When someone wants to be with you, you will know, because they will tell you. They will show you. They will make you feel it.
You won’t wonder if that person is into you. You won’t ask yourself what is this? Because you won’t need to. The right person won’t leave you at a standstill because that person will choose you. It’s that simple.
Anyone who doesn’t is doing you a favour.
It’s on you if you continue to choose the person who isn’t making you a priority. Who continuously gives you mixed signals. Because, guess what, mixed signals equal unavailability. Please, stop making excuses for them. It is what it is, so take it at face value. They are silently telling you exactly where you stand, by the way you are left feeling.

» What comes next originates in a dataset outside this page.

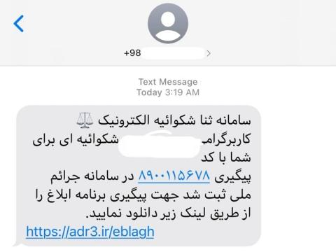 کلاهبرداران پیامکی با این مضمون که «نسبت به حساب کاربری شما در سامانه ثنا در تاریخ ... ثبت شده» را برای کاربران ارسال می کنند و از آنها می خواهند وارد لینک ارسالی شده و بعد از ورود برای مشاهده شکایت، مبلغ مختصری پرداخت کنند. این لینک، درگاه فیشینگ است و اطلاعات حساب شخص کاربر توسط کلاهبرداران به سرقت می رود و منجربه خالی کردن حساب بانکی مالباختگان می شود.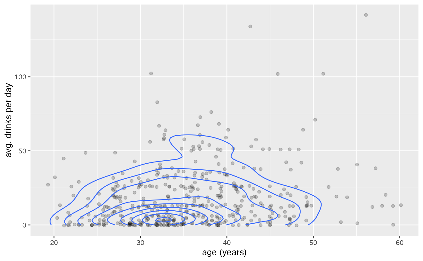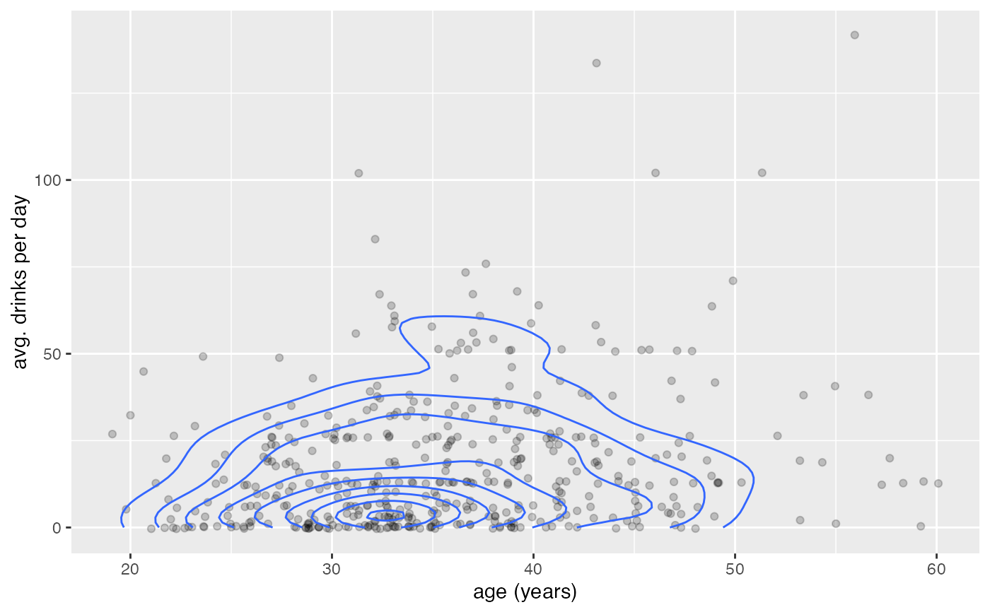 gf_density2d(avg_drinks ~ age, data = mosaicData::HELPrct)

Think about it. When you like someone, you make it known, and you don’t play games. You tell them. You don’t think twice about it. However, when you aren’t too sure about someone you make excuses or are hesitant to make any concrete plans with them. Why? Because you are just not that into them.
So stop keeping people around who don’t value you. Not everyone deserves to take up space in your life that way. And vise versa. If you don’t like someone in that way, then be honest with them. Stop keeping people around just to take up space. That’s white noise. Embrace the discomfort of the silence.
Life can be messy and complicated. We are all on our own path. Sometimes, it’s not about you if that person can’t commit. More often than not, it’s beyond that. Sometimes, people have undergone certain experiences that they are still navigating and healing. Sometimes, the timing just isn’t right. At the end of the day, if someone can’t meet your needs it’s better to let go.
Because you deserve to be with someone who chooses you, every day. Someone who makes you a priority right now, here in this moment; because this moment is all we have. Stop giving so much of yourself to someone who isn’t giving anything back. Because you are setting yourself up for no more than disappointment.
More often than not, I think we can tell when someone is into us. But we choose to overlook it in hopes that maybe one day it will evolve into what we truly want. But if someone isn’t showing up for you in the ways you need today; right here, right now, the potential of what it could be one day doesn’t matter.
But you know what does matter? That you stay true to yourself, and listen to and honour your needs and wants. You shouldn’t have to worry about almost relationships. Relationships aren’t meant to be that hard, especially not when they’re only just beginning.
When it comes to life, we don’t get a say on how much time we occupy this planet for. It may be as long as a century, or as little as a few weeks. That’s a hard reality to accept, but it’s reality all the same. This is why instead of giving so much of your energy to someone who leaves you feeling confused, I encourage you to redirect that energy to all the things that make you feel good. Stressing about someone who isn’t choosing you, just doesn’t serve you.
In situations like these, it’s best to let go and choose yourself. Just because that person can’t show up for you, you can always show up for yourself.